Metabolic response to point mutations reveals principles of modulation of in vivo enzyme activity and phenotype

TL;DR

This study reveals how point mutations in E. coli's DHFR enzyme cause filamentation by disrupting dTTP levels, highlighting the importance of enzyme kinetics and cellular environment in phenotype modulation.

Contribution

It uncovers the molecular mechanism linking enzyme activity, metabolite imbalance, and phenotype, emphasizing the role of enzyme cooperativity in vivo.

Findings

Partial loss of DHFR causes DNA damage and filamentation.

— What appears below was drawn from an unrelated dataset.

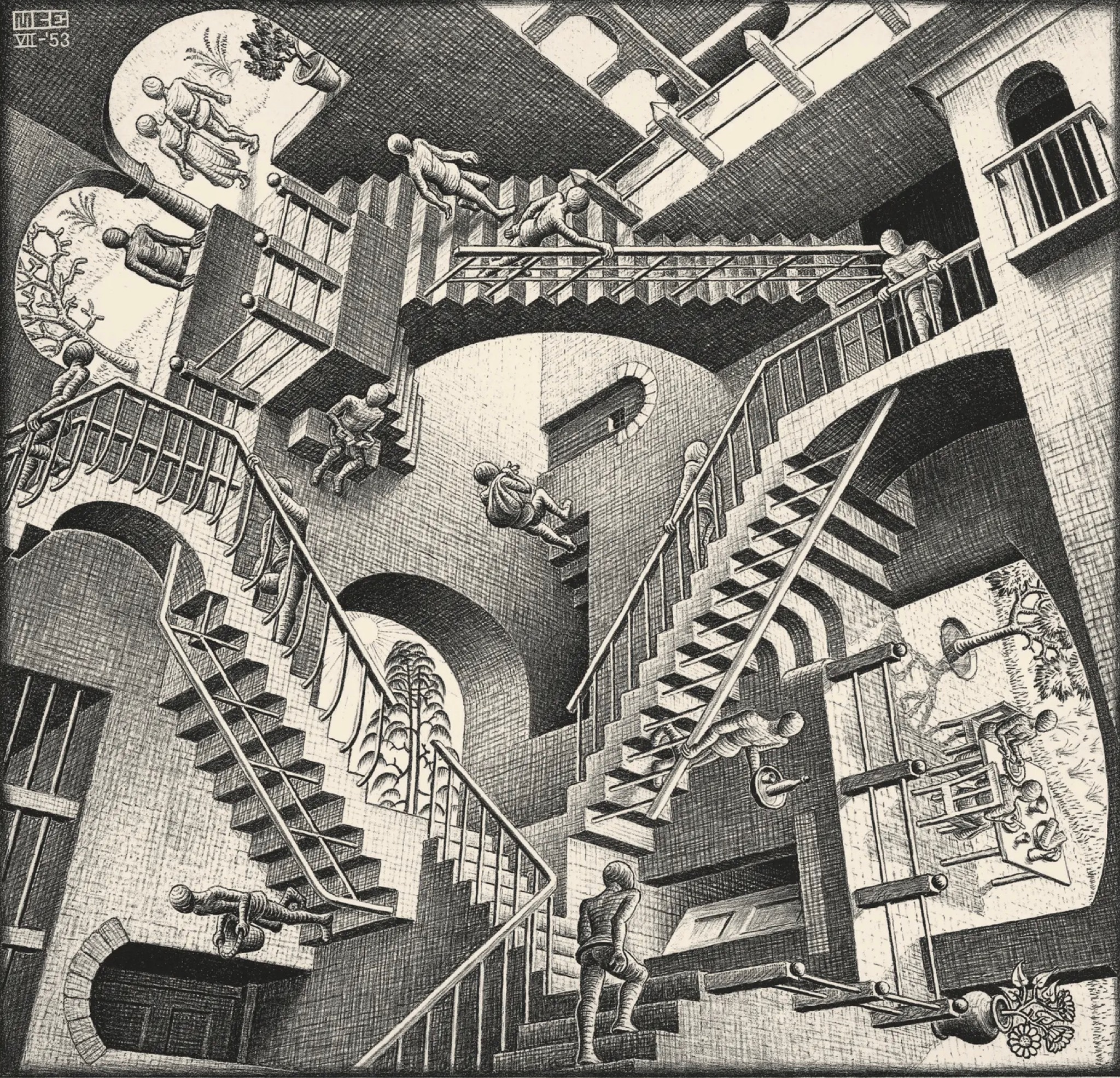 Đối với những người mê trò chơi điện tử khi thấy những bậc thang này có thể sẽ liên tưởng ngay đến tựa game Monument Valley, fan kiến trúc thì sẽ nhớ đến “pháo đài” đỏ La Muralla Roja, còn các “con nghiện” Harry Potter sẽ nghĩ đến các cầu thang dịch chuyển trong trường Hogwarts. Tuy nhiên, thực tế thì cảnh cầu thang trong phim được lấy cảm hứng từ bức tranh nổi tiếng Relativity của danh hoạ người Hà Lan M.C. Escher. Bức tranh gốc thể hiện suy nghĩ của ông về một thế giới không trọng lực. Việc sử dụng ý tưởng này cũng ngầm cho thấy rằng trong thế giới của Squid Game thì các quy tắc và thói quen của thế giới thực không được áp dụng.

dTMP supplementation rescues phenotype and normalizes enzyme kinetics.

In vivo Tmk exhibits high cooperativity affecting dTTP levels.

Abstract

The relationship between sequence variation and phenotype is poorly understood. Here we use metabolomic analysis to elucidate the molecular mechanism underlying the filamentous phenotype of E. coli strains that carry destabilizing mutations in the Dihydrofolate Reductase (DHFR). We find that partial loss of DHFR activity causes SOS response indicative of DNA damage and cell filamentation. This phenotype is triggered by an imbalance in deoxy nucleotide levels, most prominently a disproportionate drop in the intracellular dTTP. We show that a highly cooperative (Hill coefficient 2.5) in vivo activity of Thymidylate Kinase (Tmk), a downstream enzyme that phosphorylates dTMP to dTDP, is the cause of suboptimal dTTP levels. dTMP supplementation in the media rescues filamentation and restores in vivo Tmk kinetics to almost perfect Michaelis-Menten, like its kinetics in vitro. Overall, this study highlights the important role of cellular environment in sculpting enzymatic kinetics with system level implications for bacterial phenotype.